***** Records

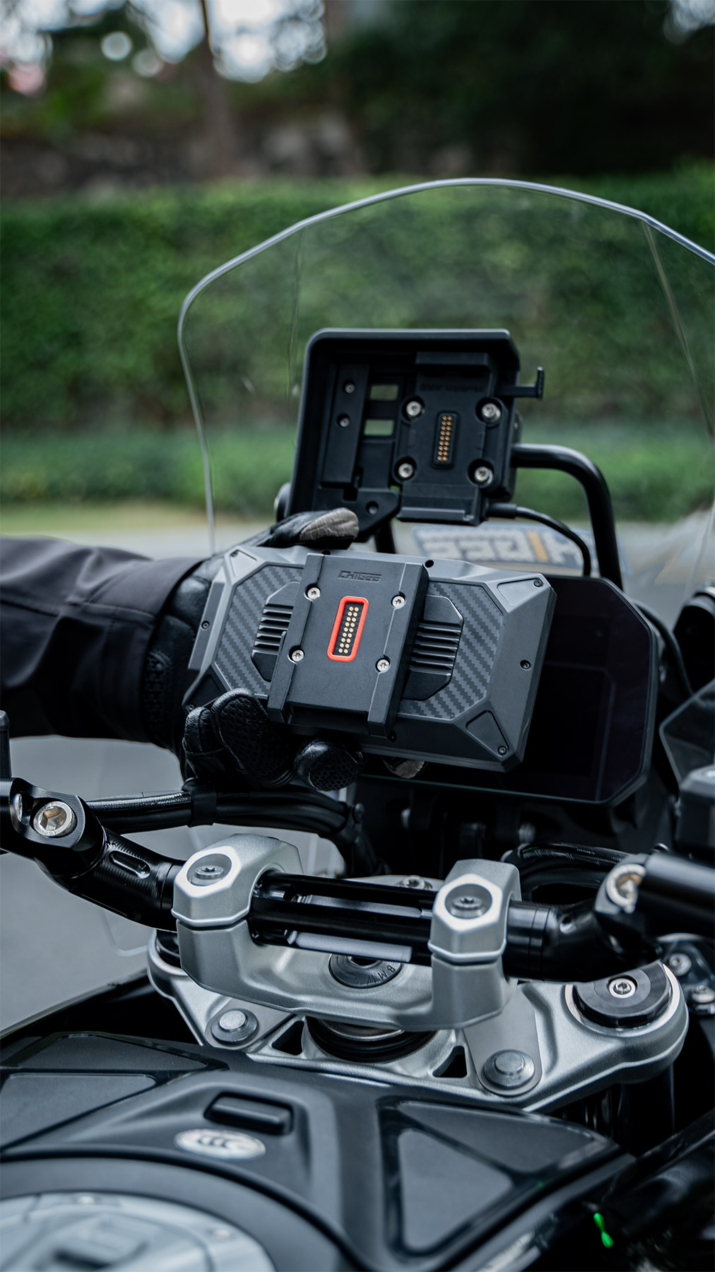 El dispositivo permite diferentes opciones de montaje con sistema de liberación rápida, tanto en manillares estándar como en barras transversales, y es compatible con el sistema Nav Prep de BMW mediante un módulo específico.
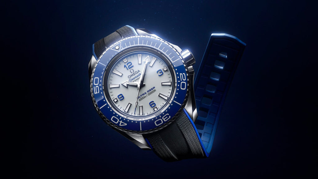 The watch is set on rubber strap with blue lining and an O-MEGASTEEL buckle, while on the caseback's Grade 5 titanium medallion, there is a laser-engraved Sonar emblem with the iconic OMEGA Seahorse at its centre. Inside, the watch is driven by the OMEGA Co-Axial Master Chronometer Calibre 8912.
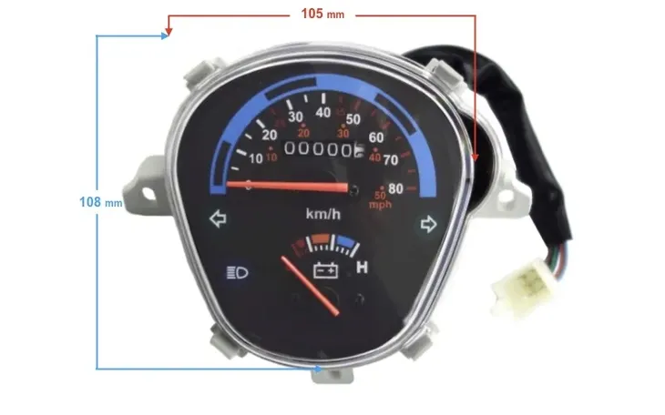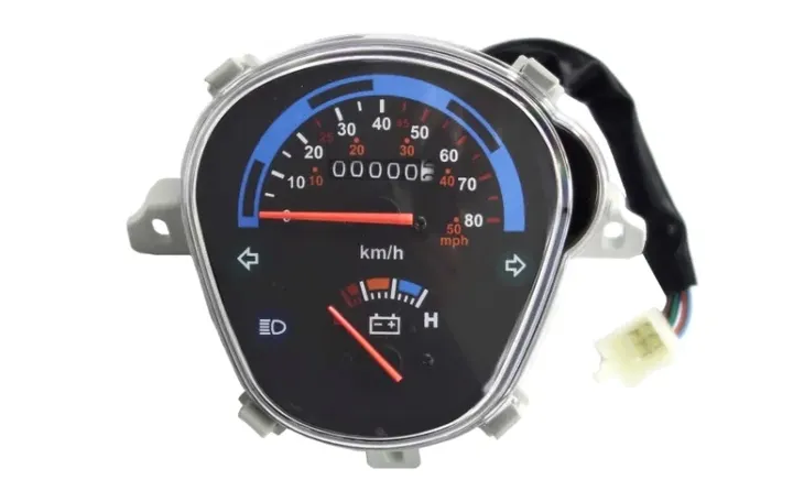 - funkcje: prędkościomierz, licznik przebiegu całkowitego, wskaźnik poziomu paliwa, kontrolki kierunkowskazów i świateł drogowych
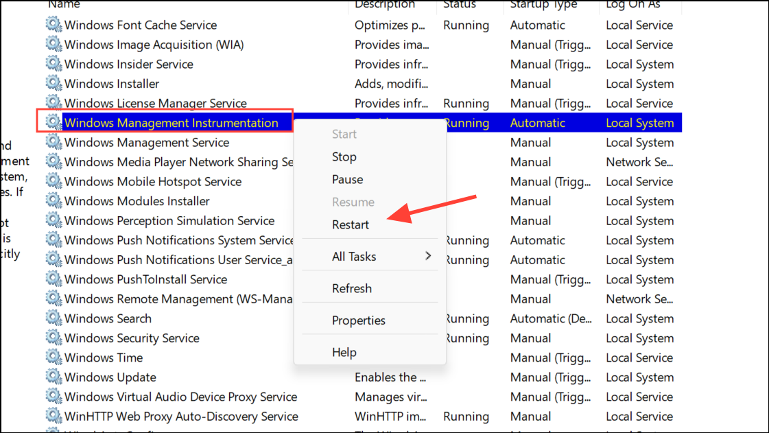 Step 2: Locate Windows Management Instrumentation and related services, right-click, and choose Restart.
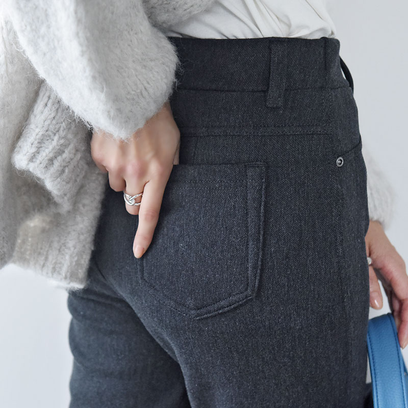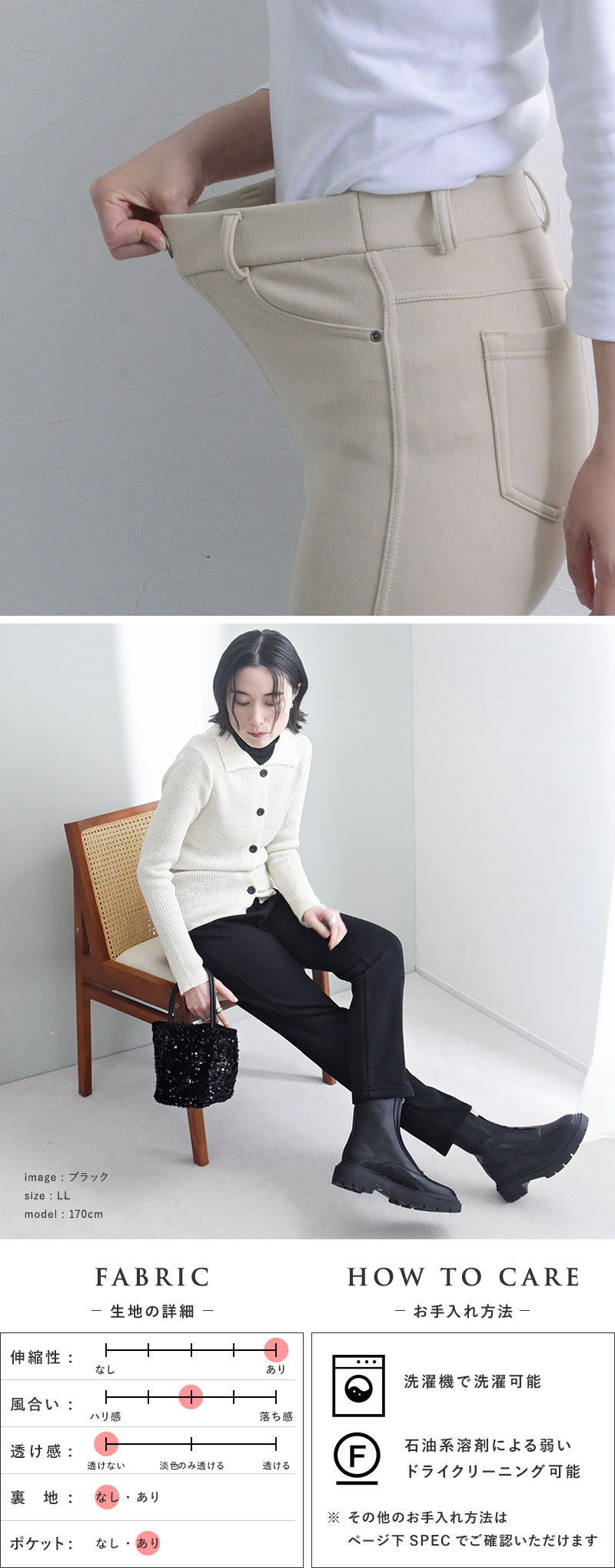 股上がしっかりあるのでしゃがんでも安心。ヒップに沿うデザインなので穿いたときに腰回りをすっきり見せてくれます。
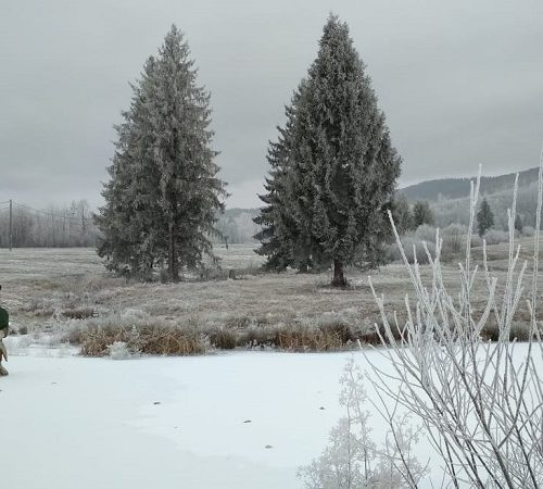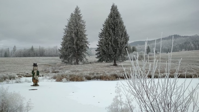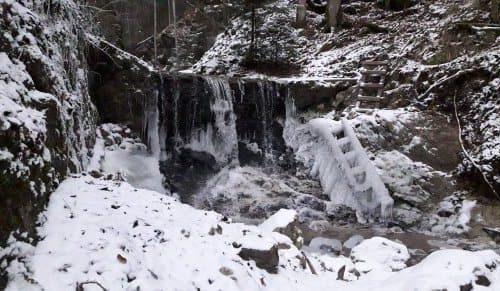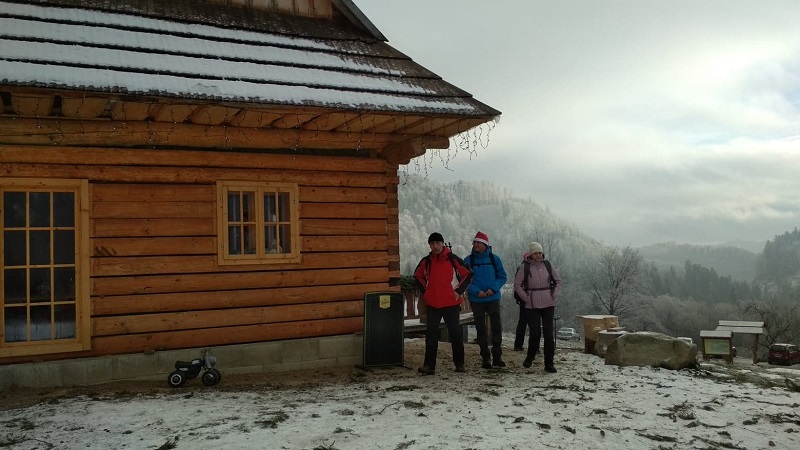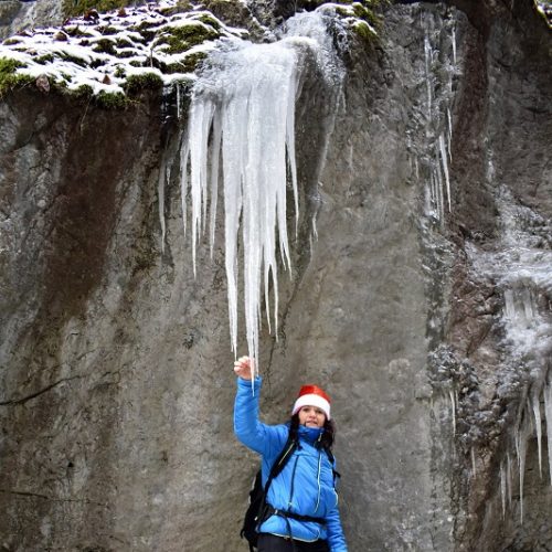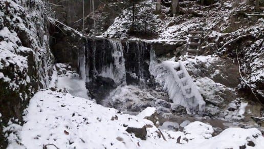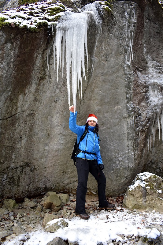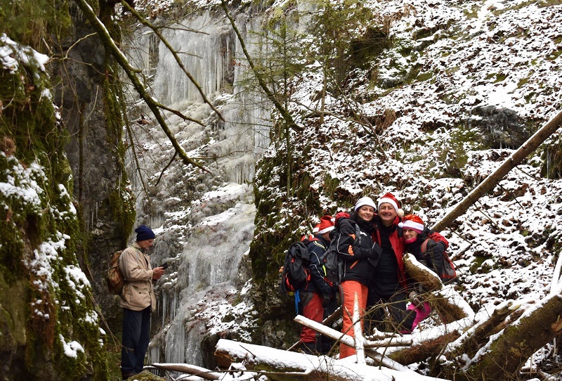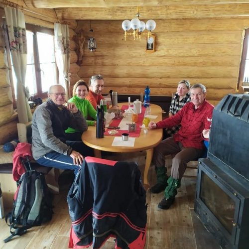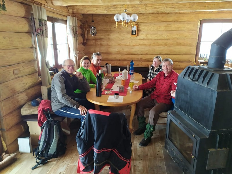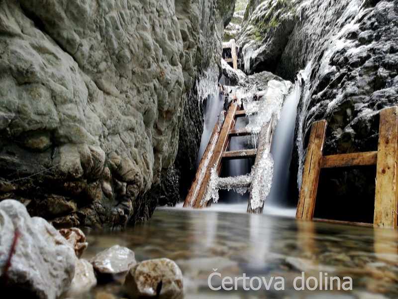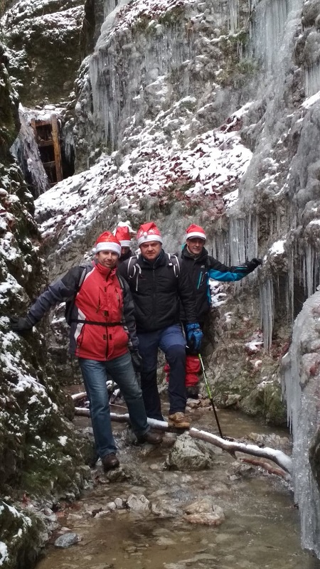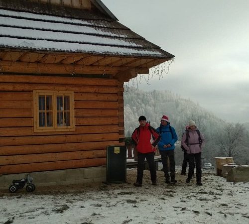Netrvá dlho a zisťujeme, že vodná prekážka nás núti zmeniť trasu (ak nechceme byť po kolená vo vode). Väčšina z nás sme tak na Zbojská pokračovali po trati, štyria odvážlivci to predsa len nevzdali a pokračovali v prechode Čertovou dolinou. A tak nečudo, že podaktorým aj do topánok natieklo. Zážitkom bolo to ľadové kráľovstvo vôkol nás. Cencúle, námraza, no nádhera. Okolo obeda sa postupne stretávame na salaši Zbojská. V tomto istom termíne práve prebiehala na Zbojskách prehliadka zabíjačkových špecialít a tak, kto mal chuť a hlad, mohol sa zúčastniť aj tejto akcie. My sme nepohrdli miestnymi špecialitami salaša.

**********

> _Your task_
Without any pictures, retype the records above exactly.

> _Solution for this task_
 El dispositivo permite diferentes opciones de montaje con sistema de liberación rápida, tanto en manillares estándar como en barras transversales, y es compatible con el sistema Nav Prep de BMW mediante un módulo específico.
 The watch is set on rubber strap with blue lining and an O-MEGASTEEL buckle, while on the caseback's Grade 5 titanium medallion, there is a laser-engraved Sonar emblem with the iconic OMEGA Seahorse at its centre. Inside, the watch is driven by the OMEGA Co-Axial Master Chronometer Calibre 8912.
 - funkcje: prędkościomierz, licznik przebiegu całkowitego, wskaźnik poziomu paliwa, kontrolki kierunkowskazów i świateł drogowych
 Step 2: Locate Windows Management Instrumentation and related services, right-click, and choose Restart.
 股上がしっかりあるのでしゃがんでも安心。ヒップに沿うデザインなので穿いたときに腰回りをすっきり見せてくれます。
Netrvá dlho a zisťujeme, že vodná prekážka nás núti zmeniť trasu (ak nechceme byť po kolená vo vode). Väčšina z nás sme tak na Zbojská pokračovali po trati, štyria odvážlivci to predsa len nevzdali a pokračovali v prechode Čertovou dolinou. A tak nečudo, že podaktorým aj do topánok natieklo. Zážitkom bolo to ľadové kráľovstvo vôkol nás. Cencúle, námraza, no nádhera. Okolo obeda sa postupne stretávame na salaši Zbojská. V tomto istom termíne práve prebiehala na Zbojskách prehliadka zabíjačkových špecialít a tak, kto mal chuť a hlad, mohol sa zúčastniť aj tejto akcie. My sme nepohrdli miestnymi špecialitami salaša.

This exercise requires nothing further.